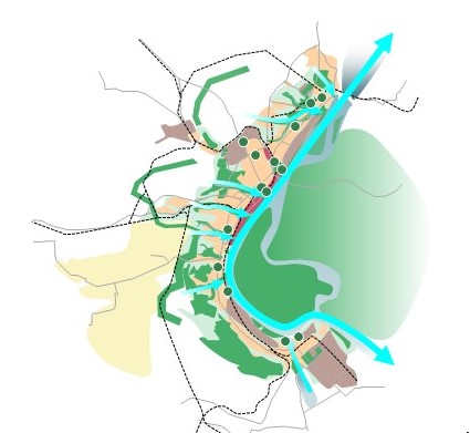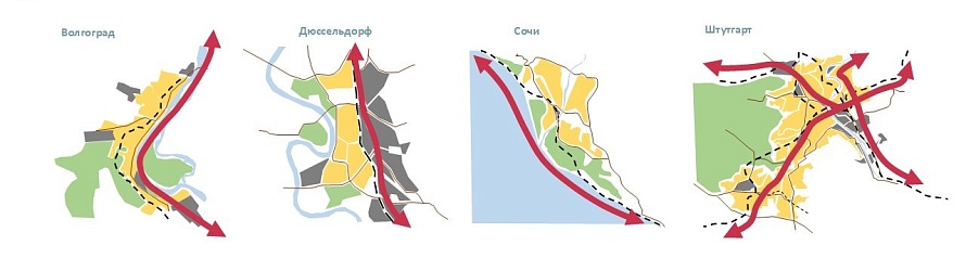 Территориальное планирование линейных городов имеет ряд особенностей, связанных с определением таких урбанистических структур. Линейный город формируется прежде всего вокруг транспортной артерии – автомобильной или железнодорожной магистрали, водного пути. Следовательно, все процессы градостроительного освоения территории подвержены влиянию этого фактора. Линейная структура города достаточно распространена в мировой практике (рис.1)
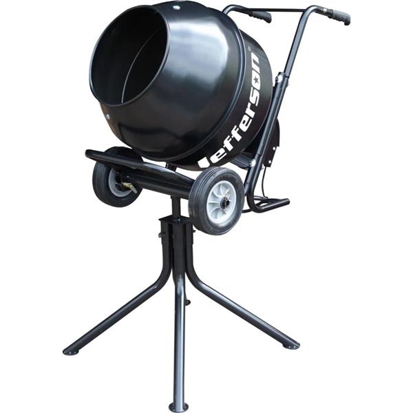The Jefferson JEFCEM1240 is a 230V electric cement mixer designed for both professional and DIY use. It features a 130-litre drum capacity, suitable for mixing larger batches of concrete, mortar, or plaster. The mixer is equipped with a 0.5HP single-phase motor, providing reliable power for consistent mixing. Its all-steel construction ensures durability, while the four-legged stand offers stability during operation. The tilt-and-turn mechanism allows for easy unloading and cleaning
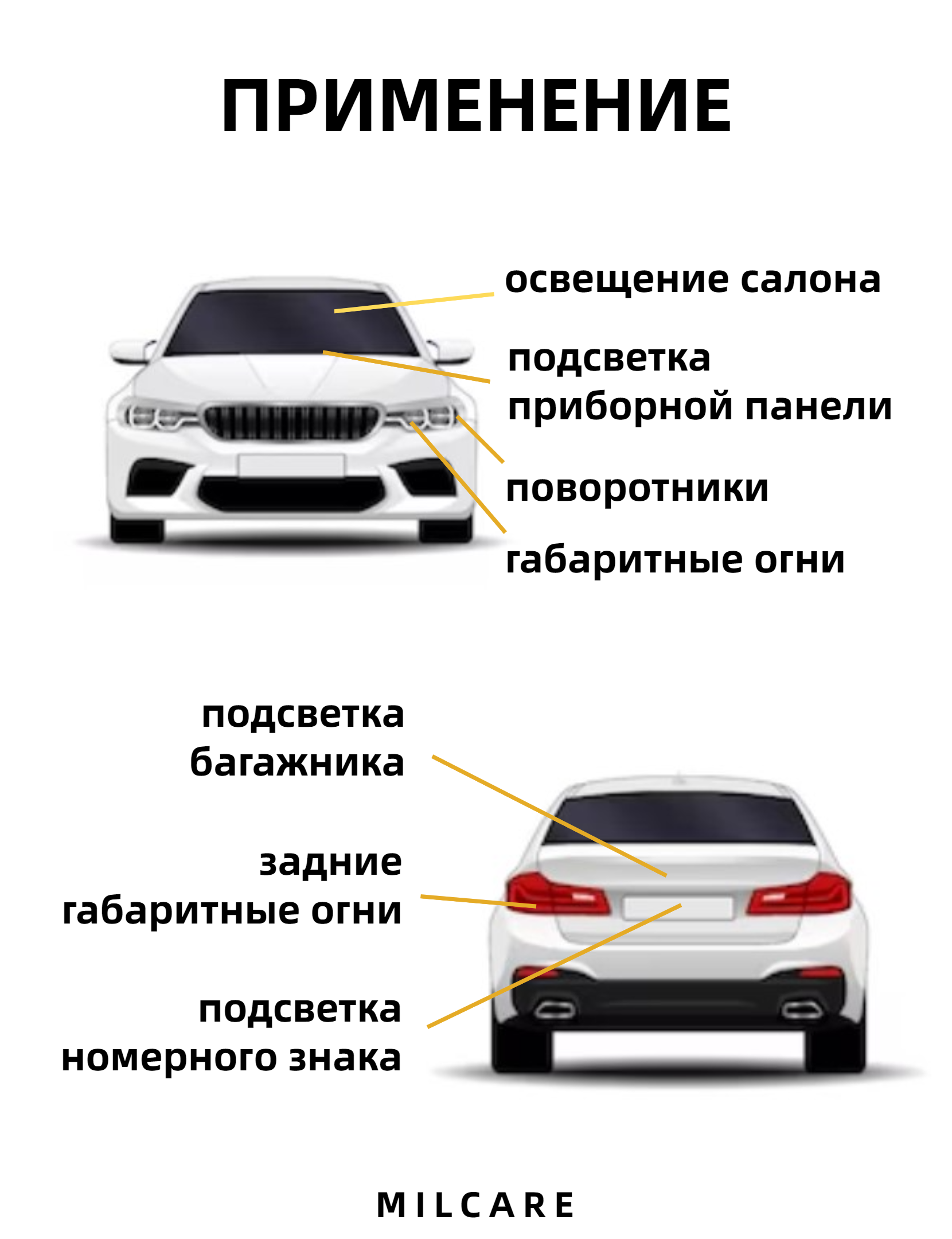 | Назначение | габаритные фонари / освещение багажника / освещение номерного знака / приборная панель / салонное освещение |

········

=== WHAT IS BEING ASKED ===
Except for the pictures, the whole listing above should be transcribed exactly.

=== REPLY TO THE EXERCISE ===
 Территориальное планирование линейных городов имеет ряд особенностей, связанных с определением таких урбанистических структур. Линейный город формируется прежде всего вокруг транспортной артерии – автомобильной или железнодорожной магистрали, водного пути. Следовательно, все процессы градостроительного освоения территории подвержены влиянию этого фактора. Линейная структура города достаточно распространена в мировой практике (рис.1)
The Jefferson JEFCEM1240 is a 230V electric cement mixer designed for both professional and DIY use. It features a 130-litre drum capacity, suitable for mixing larger batches of concrete, mortar, or plaster. The mixer is equipped with a 0.5HP single-phase motor, providing reliable power for consistent mixing. Its all-steel construction ensures durability, while the four-legged stand offers stability during operation. The tilt-and-turn mechanism allows for easy unloading and cleaning
 | Назначение | габаритные фонари / освещение багажника / освещение номерного знака / приборная панель / салонное освещение |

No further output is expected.